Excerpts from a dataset
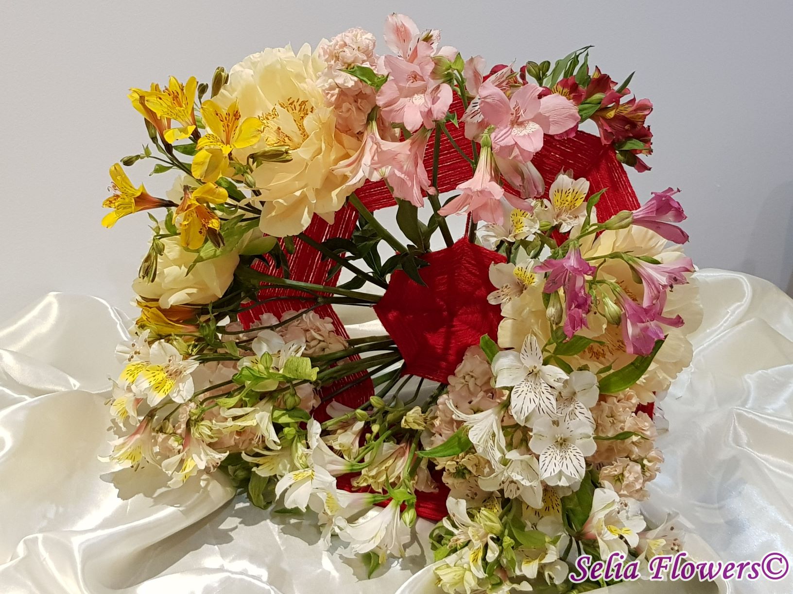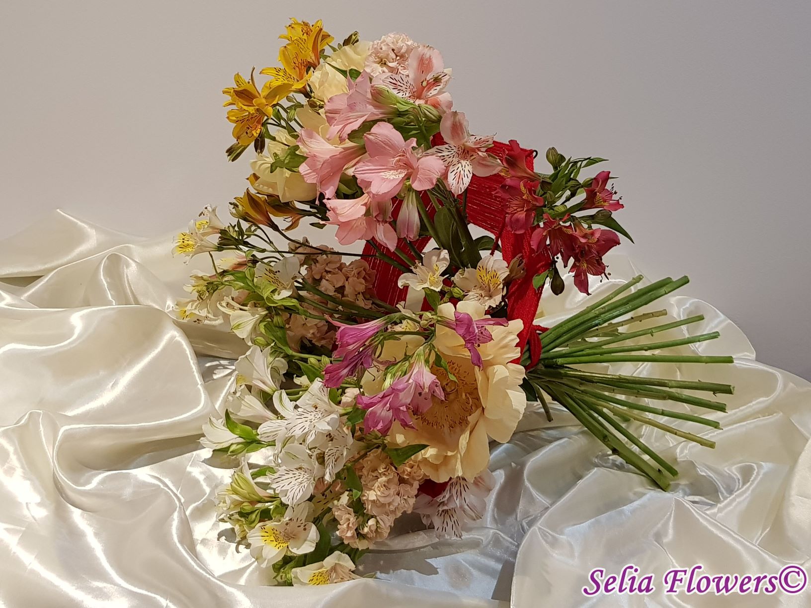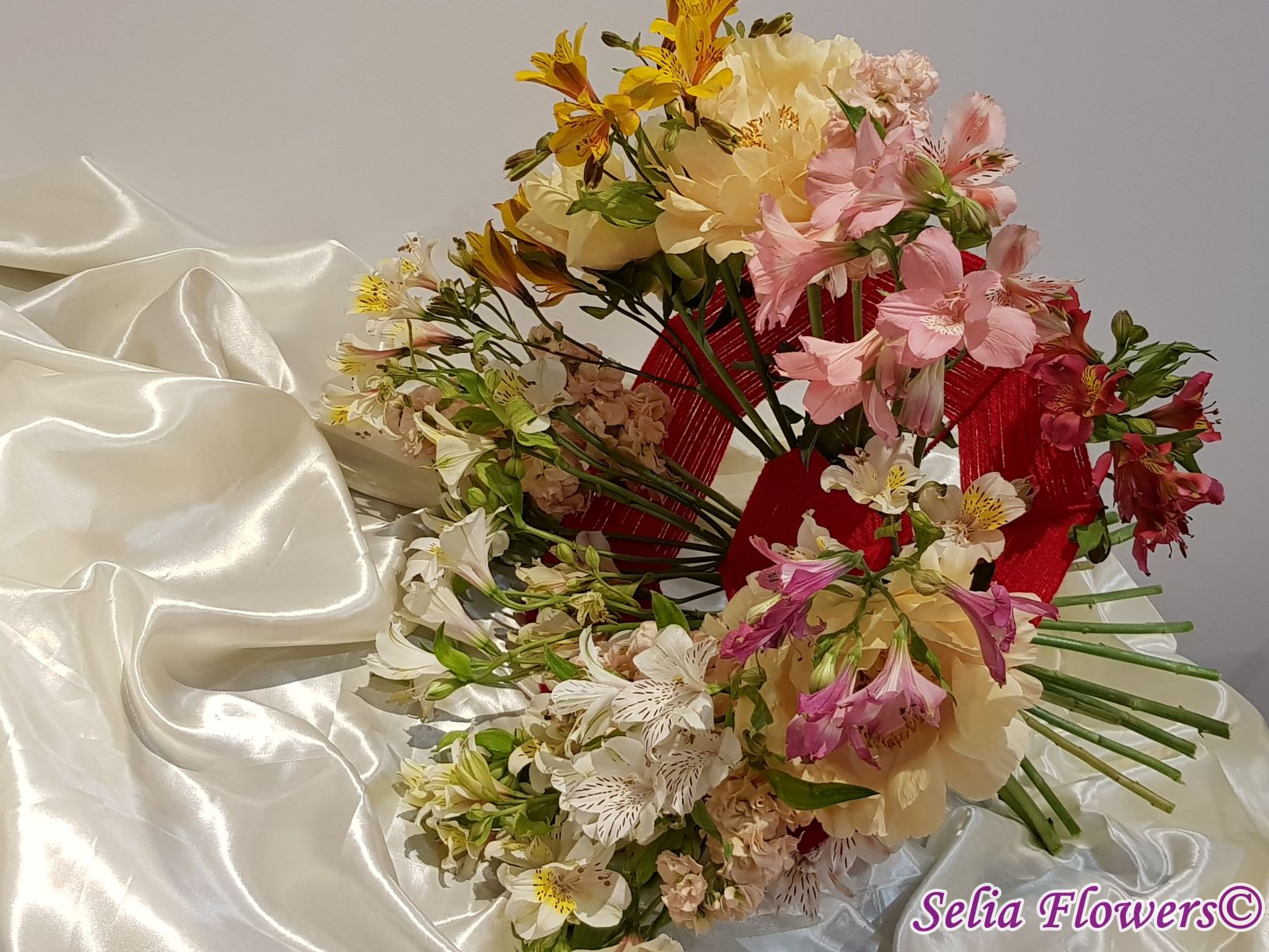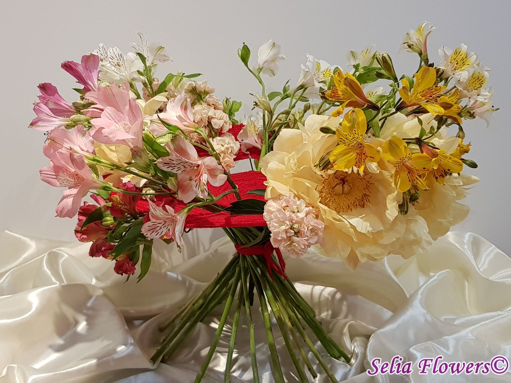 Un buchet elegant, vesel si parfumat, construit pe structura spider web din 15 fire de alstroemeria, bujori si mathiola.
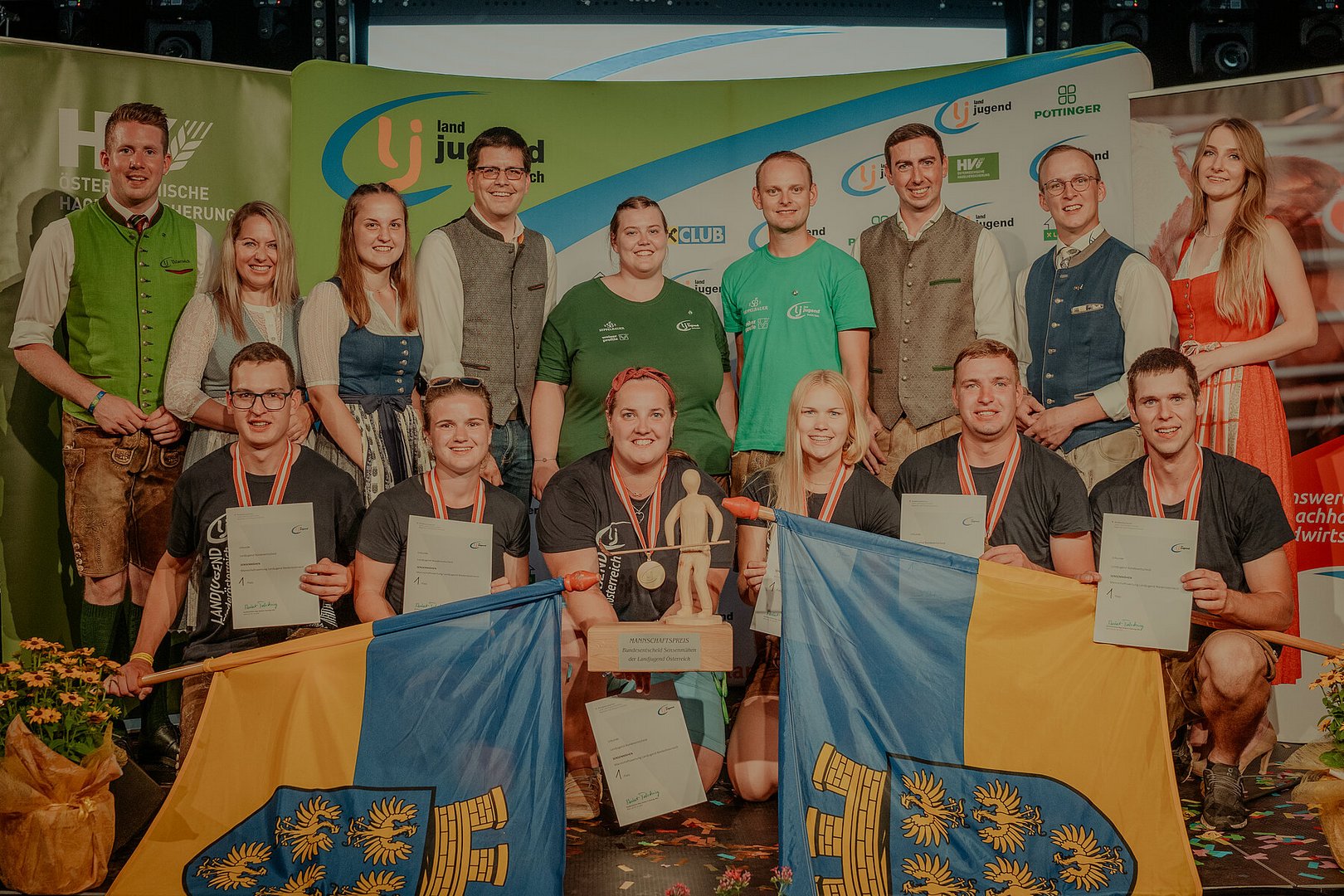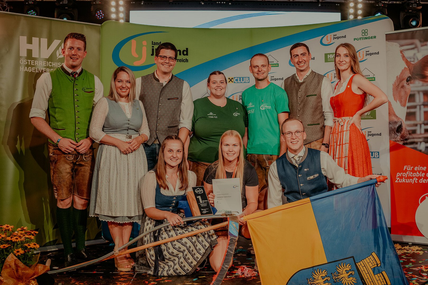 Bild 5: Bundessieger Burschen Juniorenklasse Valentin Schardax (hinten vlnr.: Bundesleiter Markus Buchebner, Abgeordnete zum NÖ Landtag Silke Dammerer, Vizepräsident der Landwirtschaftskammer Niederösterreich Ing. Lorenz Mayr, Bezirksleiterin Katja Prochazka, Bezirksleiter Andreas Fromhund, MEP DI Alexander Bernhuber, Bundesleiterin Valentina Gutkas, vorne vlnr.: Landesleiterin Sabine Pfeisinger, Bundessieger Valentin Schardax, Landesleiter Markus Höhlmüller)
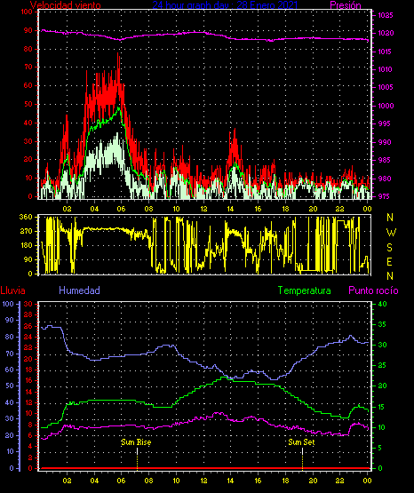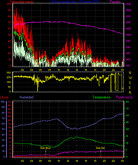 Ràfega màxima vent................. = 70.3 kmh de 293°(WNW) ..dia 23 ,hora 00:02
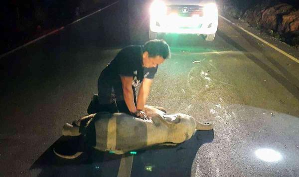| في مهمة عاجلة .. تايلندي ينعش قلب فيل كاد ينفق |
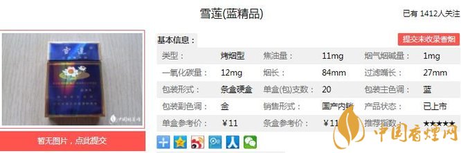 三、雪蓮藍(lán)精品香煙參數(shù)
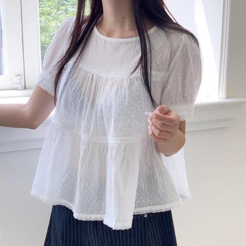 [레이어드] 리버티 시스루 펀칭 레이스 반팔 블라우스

* _ASSIGNMENT_
All of the data must be set down exactly, with no pictures included.

* _TASK OUTPUT_
 Un buchet elegant, vesel si parfumat, construit pe structura spider web din 15 fire de alstroemeria, bujori si mathiola.
 Bild 5: Bundessieger Burschen Juniorenklasse Valentin Schardax (hinten vlnr.: Bundesleiter Markus Buchebner, Abgeordnete zum NÖ Landtag Silke Dammerer, Vizepräsident der Landwirtschaftskammer Niederösterreich Ing. Lorenz Mayr, Bezirksleiterin Katja Prochazka, Bezirksleiter Andreas Fromhund, MEP DI Alexander Bernhuber, Bundesleiterin Valentina Gutkas, vorne vlnr.: Landesleiterin Sabine Pfeisinger, Bundessieger Valentin Schardax, Landesleiter Markus Höhlmüller)
 Ràfega màxima vent................. = 70.3 kmh de 293°(WNW) ..dia 23 ,hora 00:02
| في مهمة عاجلة .. تايلندي ينعش قلب فيل كاد ينفق |
 三、雪蓮藍(lán)精品香煙參數(shù)
 [레이어드] 리버티 시스루 펀칭 레이스 반팔 블라우스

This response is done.